There are several challenges and open questions that are important to all three mechanisms we have discussed. Understanding and addressing these problems can improve the big data methods for learning human behavior during the time of COVID-19.

5.1. Data bias

Data bias in big data studies on learning human behavior mainly comes from two sources: (1) the selection of the study group, and (2) the method of data collection. For instance, questionnaire-based studies often use convenience sampling to recruit participants where the majority might share some common characteristics (e.g., occupation, geographic location). Social media-based studies can reach more study samples. However, there are demographic differences in the users of different social platforms. For instance, Twitter is found to have fewer older adults.3 In terms of data collection, questionnaires that collect people's response actively may introduce social desirability bias (Krumpal, 2013).

5.2. Data privacy

Big data has been crucial in building applications to fight the pandemic, yet at the expense of privacy (Bentotahewa et al., 2021). With the huge inflow of data via contact tracing, social media, surveillance applications, and so on; there is an increased privacy concern. Aygün et al. (2021) trained a BERT (Bidirectional Encoder Representations from Transformers) based model to identify vaccine sentiment on a public dataset released by Banda et al. (2021). The methodology can be reproduced and used to influence people who are potentially vaccine-hesitant. Boutet et al. (2020) stated that Contact Tracing Applications (CTAs) are vulnerable to cyber-attacks and discussed how they could be used for the identification of infected individuals. Authorities that have access might take advantage of this situation and retain data to use in other scenarios that deem fit. This poses a threat to confidentiality and increases the risk of data misuse (Klar and Lanzerath, 2020).

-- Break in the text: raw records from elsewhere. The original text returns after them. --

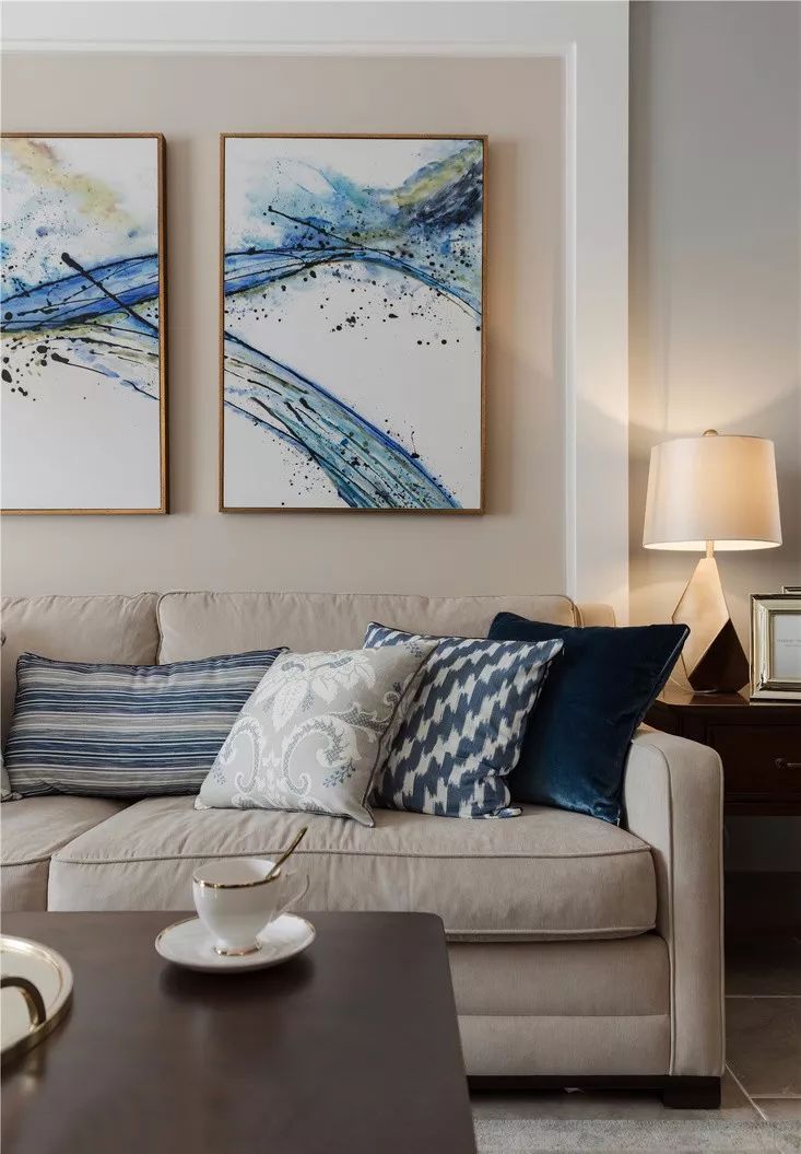 ▲ 藍(lán)色窗簾搭配藍(lán)色裝飾畫(huà),與藍(lán)色抱枕相呼應(yīng),為沉靜的客廳帶來(lái)一絲活潑。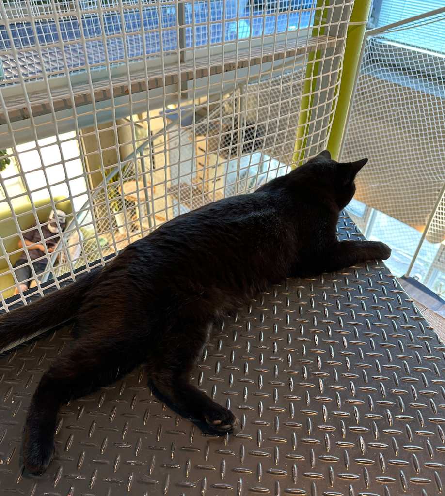 素敵なキャットタワーに、クロネコちゃんが乗ってます。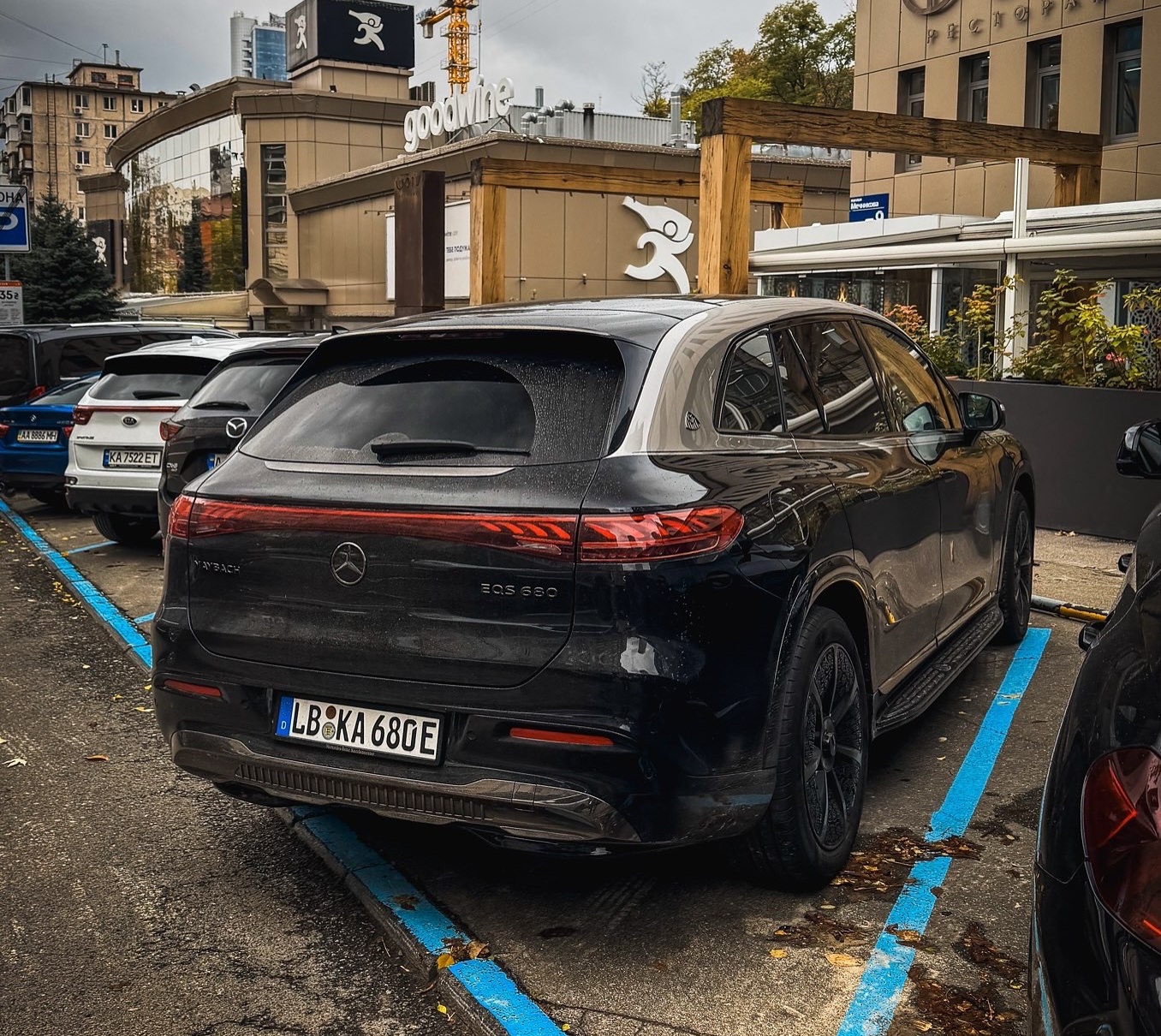Конкретно цей електричний кросовер Mercedes-Maybach EQS680 SUV має німецькі номери. Не виключено, що його не встигли розмитнити або ж це гості з Німеччини.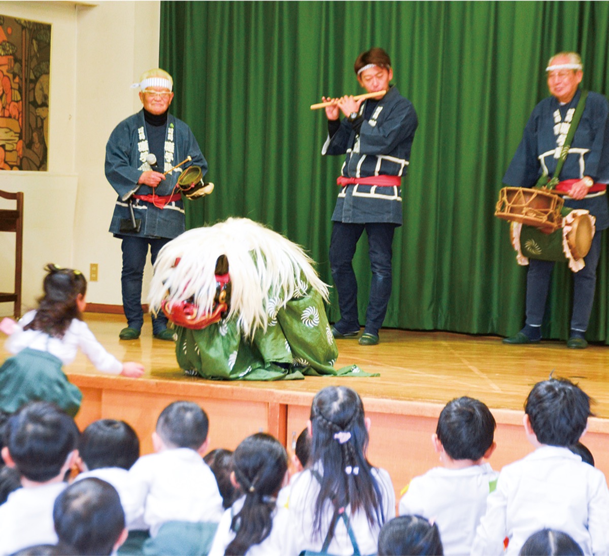 三村会長は「園児の笑顔が見られて良かった。逆に我々が子どもたちから元気をもらった」と笑顔で話した。同園の松井晶子教諭は「園児たちは獅子舞を間近で見るという貴重な体験ができた」と感想を述べた。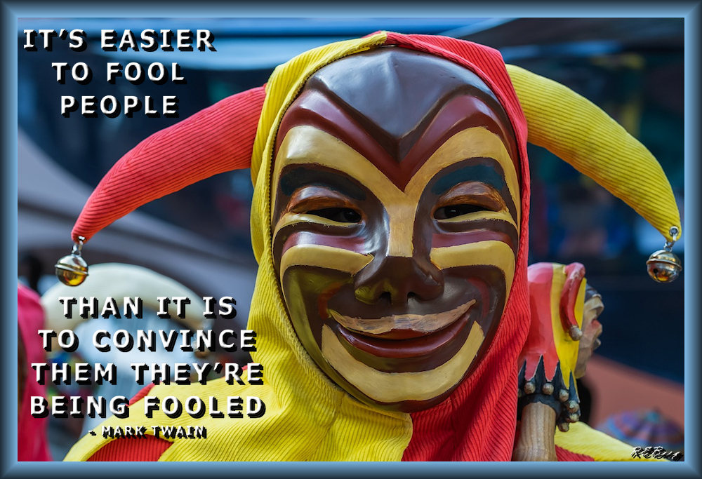 Fool Fodder Image August 3, 2023 R.E. Berg humor, joke, meme, Mental Gymnastics, Quote Quotient, Social Hostility convince, denial, fooled, Mark Twain, people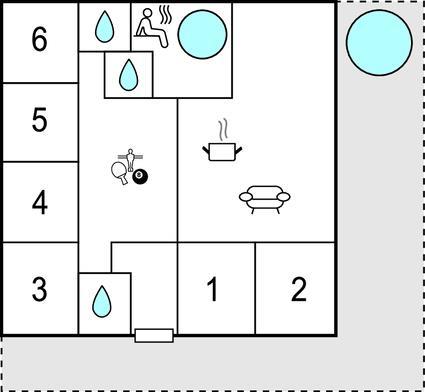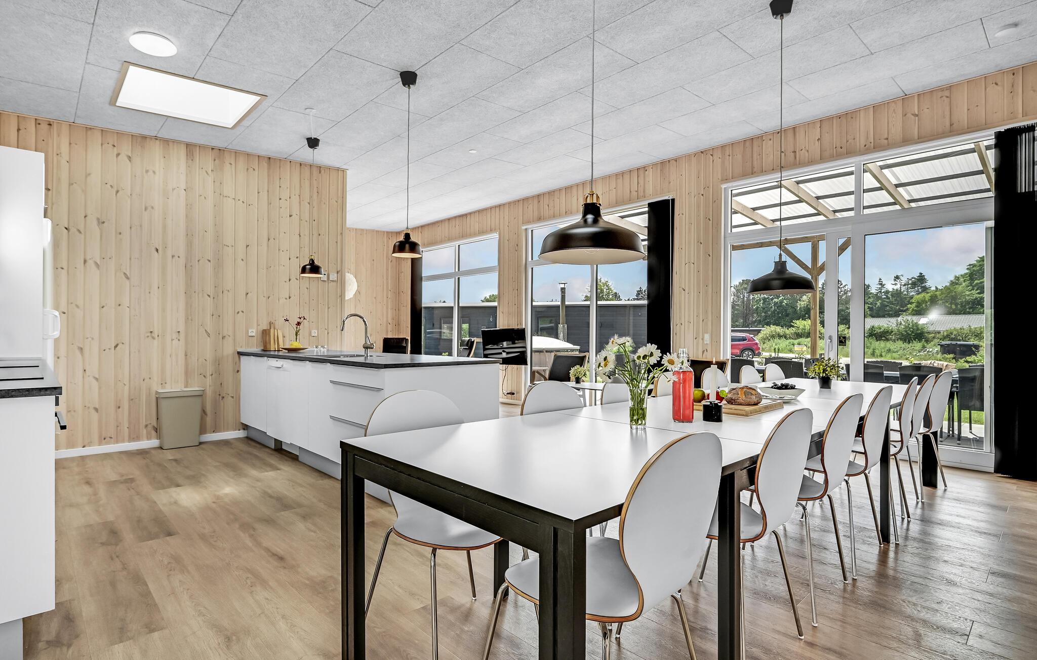 Dette store og komfortable feriehus tilbyder ideelle betingelser for en afslappende ferie med mange gæster. Huset kan rumme 16 personer i 6 store soveværelser. Op til to kæledyr er også velkomne. Husets hjerte er det åbne køkken med et langt spisebord og udsigt over haven, hvor I kan nyde feriens måltider sammen. Den smukke stue er også placeret her. Takket være aktivitetsområdet bliver det garanteret ikke kedeligt, her kan I blandt andet konkurrere i billard. Hele huset er udstyret med gulvvarme for ekstra komfort på køligere dage.
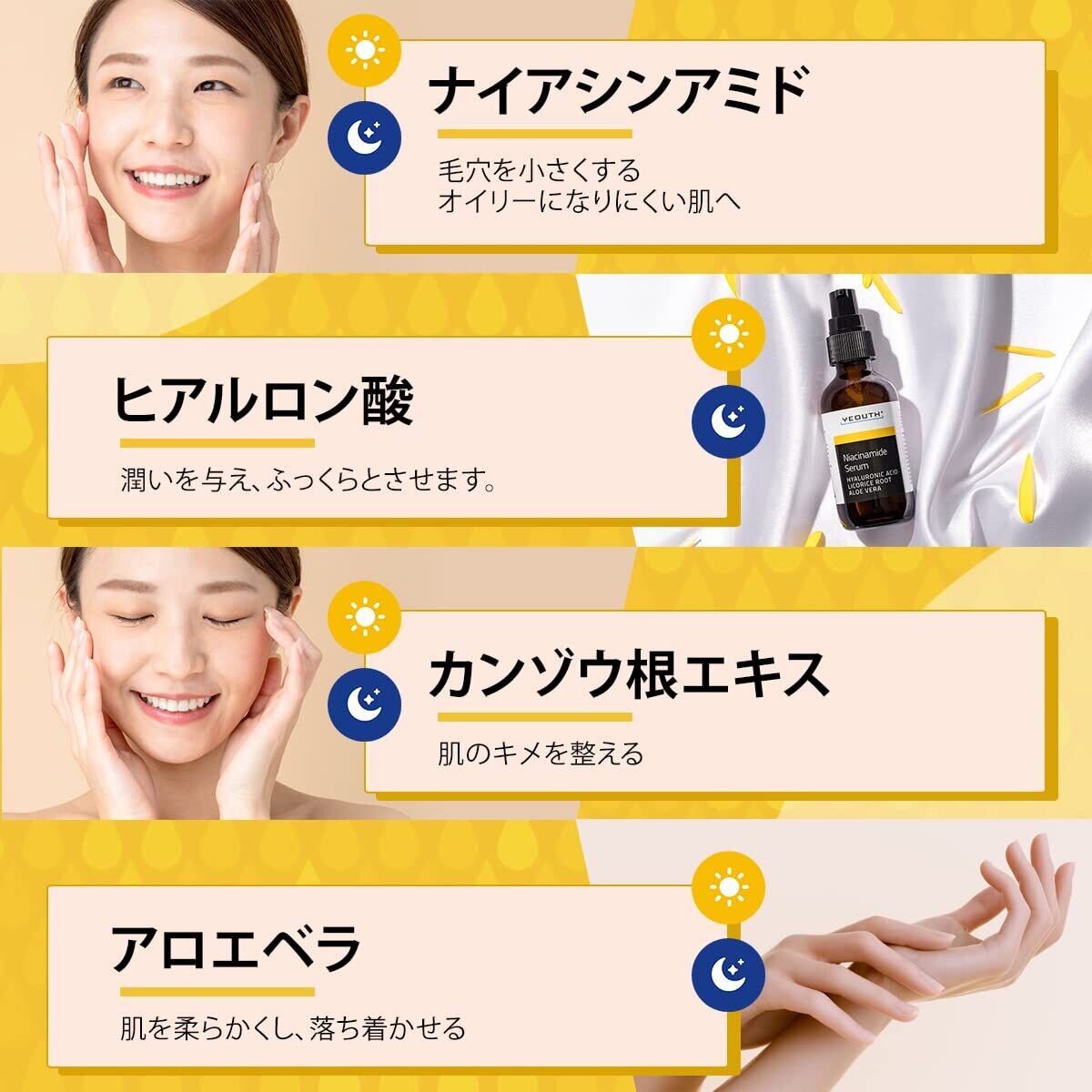 YEOUTH 顔用ナイアシンアミド美容液 ヒアルロン酸 とアロエベラ 配合 60ml(2oz)。Niacinamide Serum、すべての肌タイプ、 美容液 人気ランキング メンズ とレディース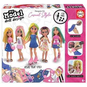 İçindekiler: 1 adet monte edilebilir manken, 1 adet önceden baskılı kumaş paneli, moda aksesuarları, giysi klipsleri, iplik, kumaş işleme aleti, talimatlar ve video talimatları.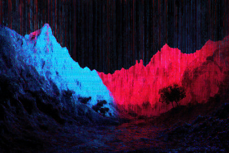 Digitally distorted landscape with color-shifted mountains and silhouetted creatures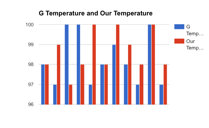 Inferential StatisticsHeart Rate: Gold Standard Average - 91.5 bpm -Standard Deviation: 7.99 TED's Average - 85.4 bpm -Standard Deviation: 3.61 Temperature: Gold Standard Average - 98.3 °F -Standard Deviation: 1.27 TED's Average - 98.6 °F -Standard Deviation: 1.03 Blood Pressure: Gold Standard Average - 120.5 mmHg -Standard Deviation: 25.8 TED's Average - 122 mmHg -Standard Deviation: 25.1 Blood Glucose Levels: Gold Standard Average - 136.4 mmol/L -Standard Deviation - 29.8 TED's Average - 128.7 mmol/L -Standard Deviation - 16.9 Respiratory Rate:
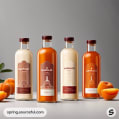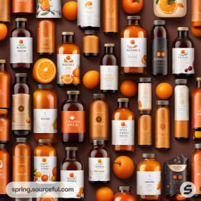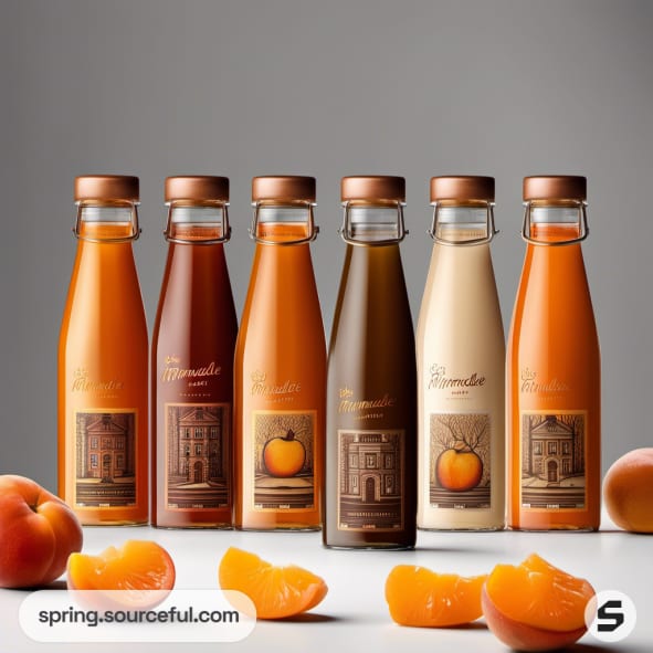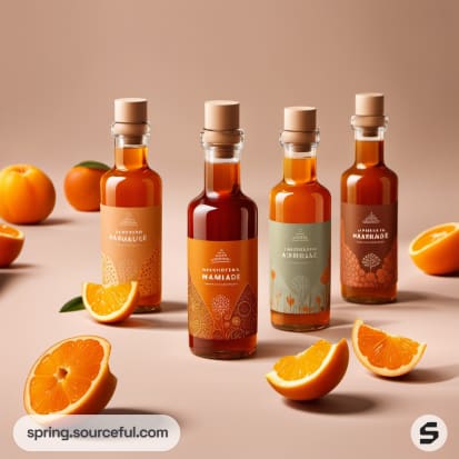 Assorted marmalade bottles in various shades of orange with fruit illustrations.

The approach toward data privacy varies across domains and applications. Fahey and Hino (2020) discussed two approaches specific to CTAs—data-first that provides autonomy to the authorities to identify individuals in a given jurisdiction, and privacy-first that provides users control of their data and the freedom to share it redacting personally identifiable information. The approaches described here are not binary, and different countries adopt variations of these approaches.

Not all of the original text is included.